In such circumstances, Georgia may well serve as a strategic channel towards the Euro-Atlantic community for Armenia. The implementation of the Georgia-EU Association Agreement, as well as growing cooperation between Tbilisi and NATO, may well deepen Armenia’s understanding of opportunities and challenges on the road of Western-promoted reforms. Georgia may become a platform for indirect Armenia-West cooperation. Despite the tough problems between Russia and Georgia, Armenia-Georgia cooperation will raise less doubt and anger in Russia than direct contact with Russia’s “archenemies” such as the US and NATO. This potential role of Georgia emphasizes the strategic significance of Armenia-Georgia cooperation, going well beyond the day-to-day economic activities and export/import operations.
Georgia is actively positioning itself as a transit route connecting Asia and Europe. Tbilisi has successfully managed to gain a key position of bridge, connecting Azerbaijan with Turkey and enabling Azerbaijani energy resources to reach Europe and beyond. The Baku-Tbilisi Jeyhan oil and Baku-Tbilisi-Erzurum gas pipelines are key examples of Georgia’s success in its efforts. The Trans Anatolian pipeline under construction, as well as the launch of the Baku-Tbilisi-Kars railway, further fomented Georgia’s position as a reliable transit country not only for Azerbaijan, but potentially for Central Asia and China. If parts of Chinese cargo bound for Europe pass along the China-Kazakhstan-Caspian Sea-Azerbaijan-Georgia route, it may have a significant positive impact on Georgia’s economy.

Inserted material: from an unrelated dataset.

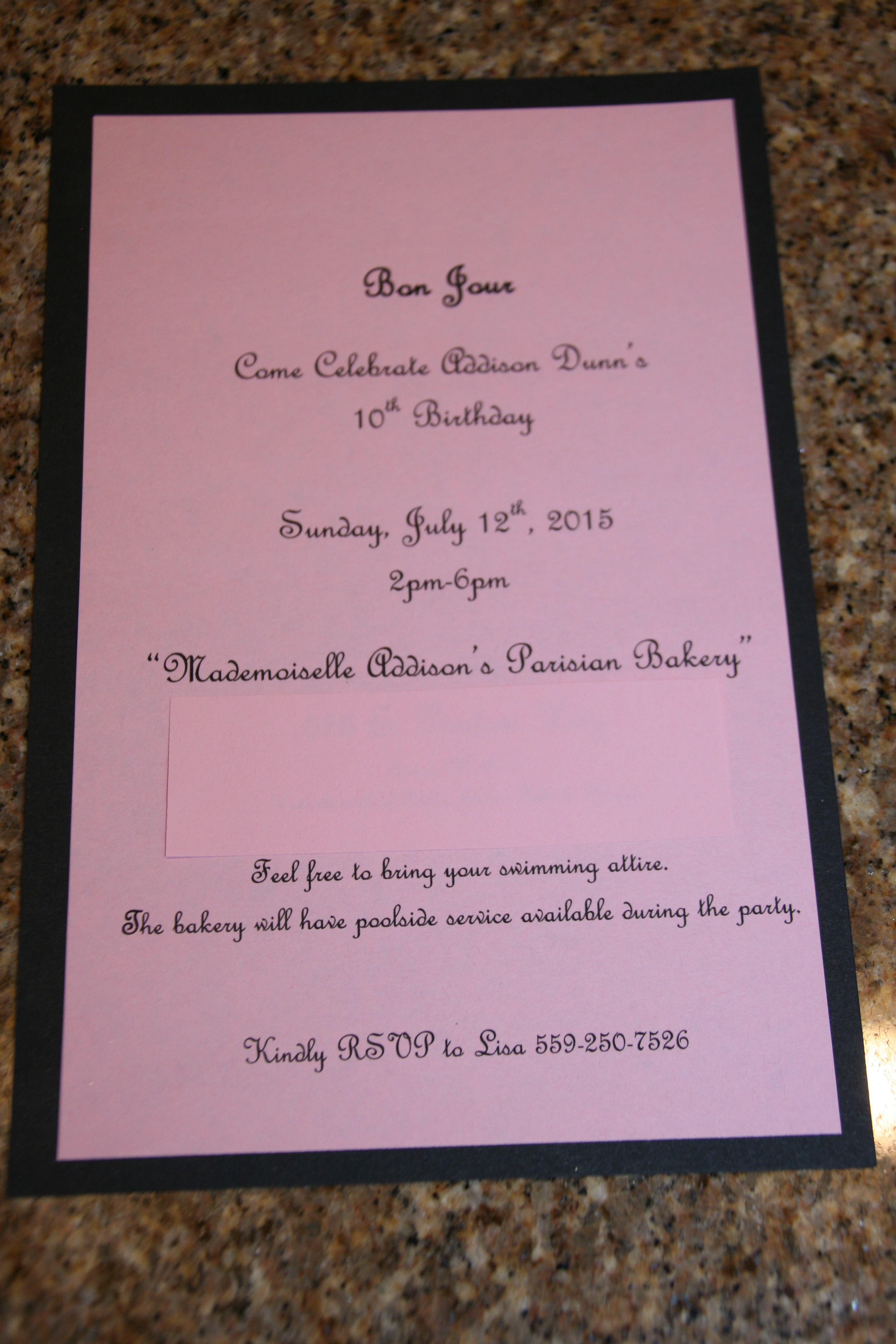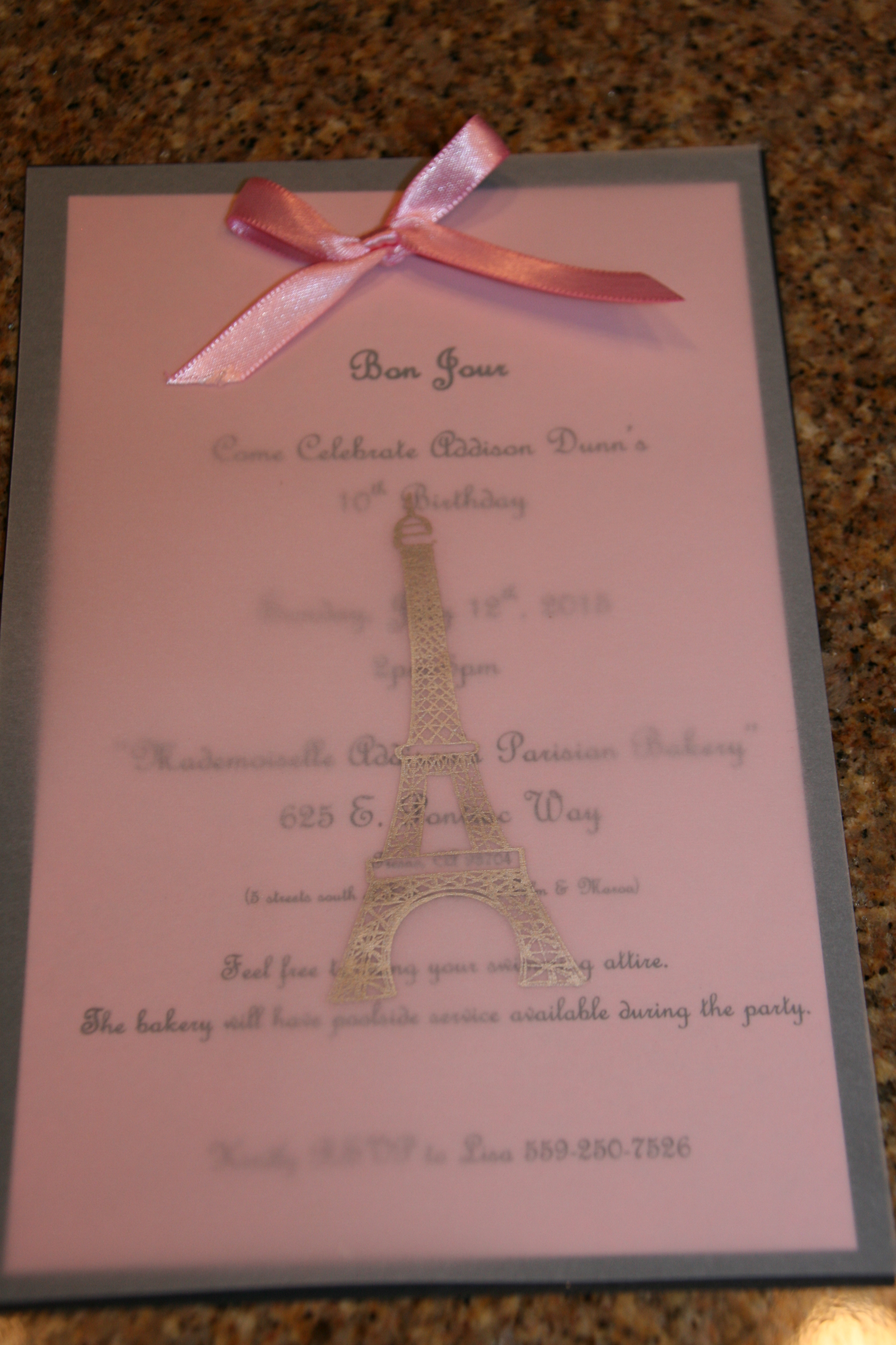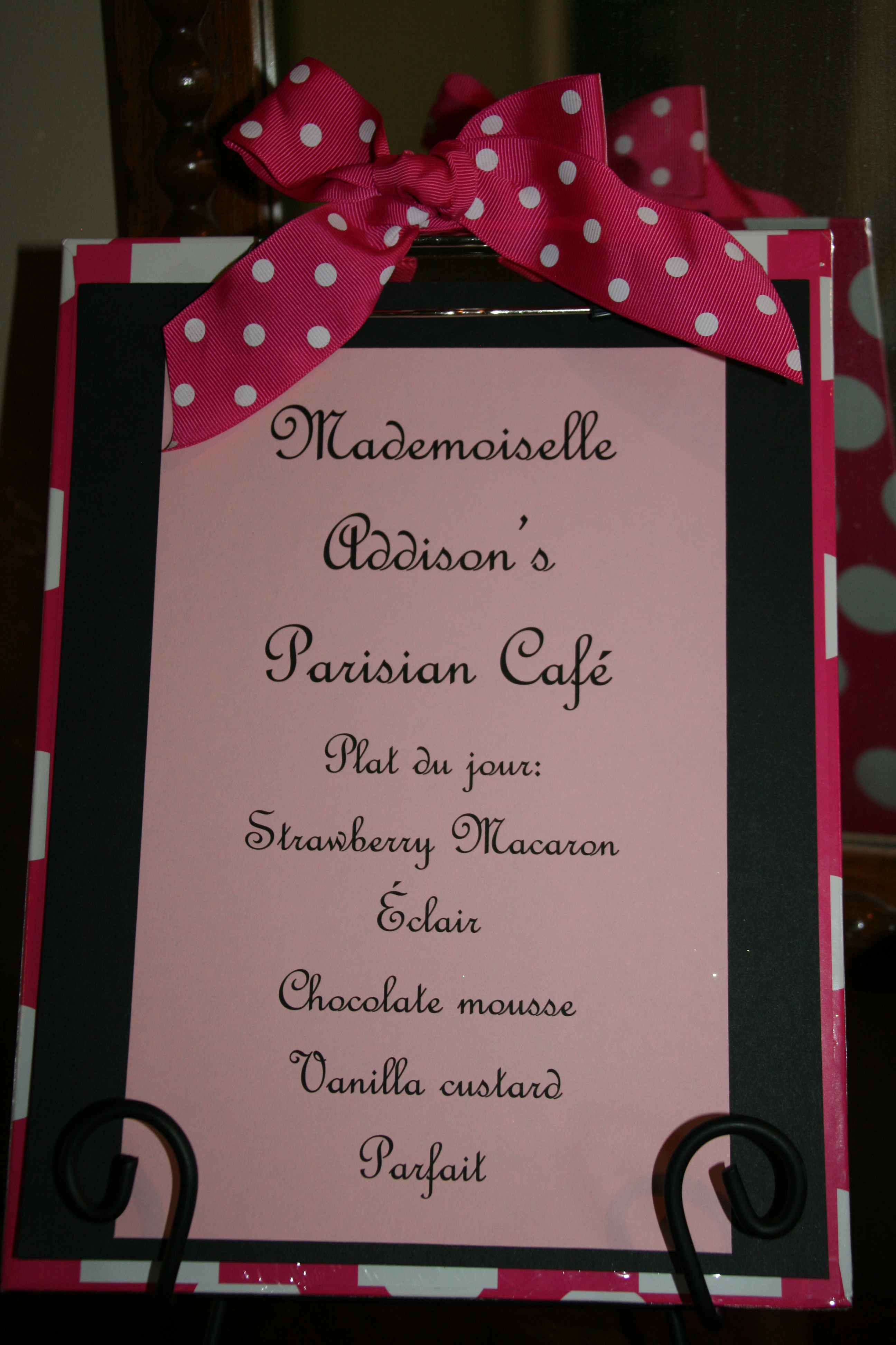 I purchased an Eiffel Tower backdrop at Oriental Trading and used it as a photo booth. The girls had so much fun with the props, including a white board for them to write the reasons they love Paris! The girls topped off the party with a French lesson! Magnifique!
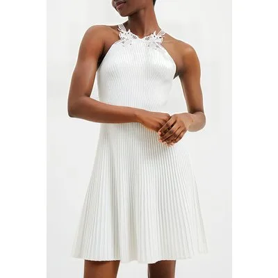 French Connection Mari Knit Lace Mix Dress White

However, the deepening relations with Azerbaijan and Turkey inevitably result in their growing influence in Georgia. Regardless of current strategic partnership with both Ankara and Baku, Tbilisi needs transit diversification. In this context, the “Persian Gulf-Black Sea” multimodal transport corridor project, which envisages connecting Iran with Europe via Armenia and Georgia, may play a vital role. Negotiations to start the project were launched in 2016, and most likely an intergovernmental agreement will be signed by end of 2018. This project will foster Georgia’s role as a key transit player not only in East-West but also in the North-South direction. The possibility to connect Iran with Europe will increase the geopolitical potential of Georgia and will provide it with necessary leverage in its regional policy. In this context, the role of Armenia is key as a reliable partner and a land bridge for Georgia to Iran. The current projects in electricity transmission, which envisage the construction of new high voltage transmitting lines connecting Armenia with Georgia and Iran, may create a possibility for Georgia to enter not only Armenian but also the Iranian energy markets.
Thus, both Armenia and Georgia need diversification in their foreign trade and transit policy. They are positioned well to support each other in furthering their strategic interests. The two governments, as well as the Armenian and Georgian expert community, should focus more attention on factors favoring the strategic partnership between two states as this will provide a sound base for mutual relations moving beyond the tourism and export/import spheres.
Dr. Benyamin Poghosyan
is the Executive Director, Political Science Association of Armenia.